Writer's picture: tim@emorningcoffee.comtim@emorningcoffee.com
  • US Treasuries got hammered again last week as yields continue to push higher across the curve, supported by on-going solid U.S. economic data. The yield on the 10y UST has now risen more than 60bps in less than two months, closing last week to yield 4.25%.  Recent yield increases have pushed total returns on long-duration US Treasury bonds into the red for the year.


  • Global equities were mostly weaker across the board, although Chinese stocks registered gains last week.  Even though stocks gained ground in China, there remain plenty of investors questioning whether or not the government has put forth a sufficiently comprehensive plan to stimulate economic growth.

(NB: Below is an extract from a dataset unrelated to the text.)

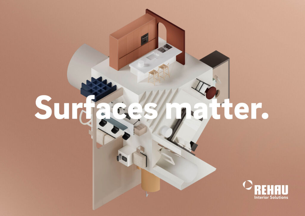 Rehau kommuniziert seine Rauvisio-Oberflächen jetzt unter dem Claim ‚Surfaces Matter‘. – Bild: Rehau Industries SE & Co. KG

Moreover, the proof remains in the pudding – stating a plan and implementing it successfully are two separate things.  

     

  • Stateside, an early morning rally on Friday seemed to fizzle as the day wore on leaving US stocks lower on the week.  The exception was the NASDAQ, which eked out a small gain driven by renewed strength in tech shares. The tech sector got a boost from Tesla’s favourable mid-week earnings announcement, setting the stage for five more of the infamous Mag 7 companies to report earnings this coming week.  

     

  • The U.S. Dollar continues to re-strengthen, edging higher 0.8% WoW, and 3.8% in the last month.  I never found myself in the Dollar bear camp because U.S. economic metrics are so superior to those in the U.K. (Sterling) and the Eurozone (Euro).  Moreover, it is increasingly clear that the Fed will feel pressure to moderate its easing while the ECB – and increasingly the Bank of England – have reasons to bring forward their easing to provide support to their more fragile economies.

     

  • The main things to watch this coming week are jobs data (Oct) and PCE (Sept)  in the U.S., 3Q24 GDP in the U.S., the U.K. and the Eurozone, and a Bank of Japan monetary policy meeting mid-week. The BoJ meeting should be particularly interesting since the Yen has weakened back below ¥150/US$1.00, and the Japanese stock market is losing steam too, down 2.7% WoW.

 

WHAT MATTERED LAST WEEK

 

  • Tesla’s earnings:  TSLA’s release of its 3Q2024 earnings on Wednesday kicked off Mag 7 earnings, with the company delivering much better results than expected across the board.  The company’s earnings presentation to investors is here.  Management also provided an optimistic outlook.  The stock shot up 22% during Thursday’s session, and held onto gains on Friday to close the week at $269.19/share.  This sets the stage for five other Mag 7 companies to release their earnings this coming week, along with another 164 S&P 500 companies.  You can find weekly updates on S&P 500 earnings at #FactSet (“Earnings Insight) or #LSEG I/B/E/S (“This Week in Earnings).

     

  • US existing home sales: According to the National Association of Realtors, existing home sales were lower in September by 1.0% MoM and 3.5% YoY, suggesting that the stagnant market for existing home sales in the US is continuing.  Although volumes remain weak, the prices of existing home sales have increased 3.0% in the past year.   

     

  • UK and US consumer confidenceUK consumer confidence fell in October for the first time since July, as consumers pull in their horns ahead of the October 30th budget.  With disappointing PMI data for October and lower-than-expected CPI in September, the odds are quickly increasing that the Bank of England will reduce its policy rate at its next monetary policy meeting (in two weeks).  In contrast, US consumer confidence rose in October for the third month running according to the Michigan Consumer Confidence Survey, one more data point supporting a strong US economy.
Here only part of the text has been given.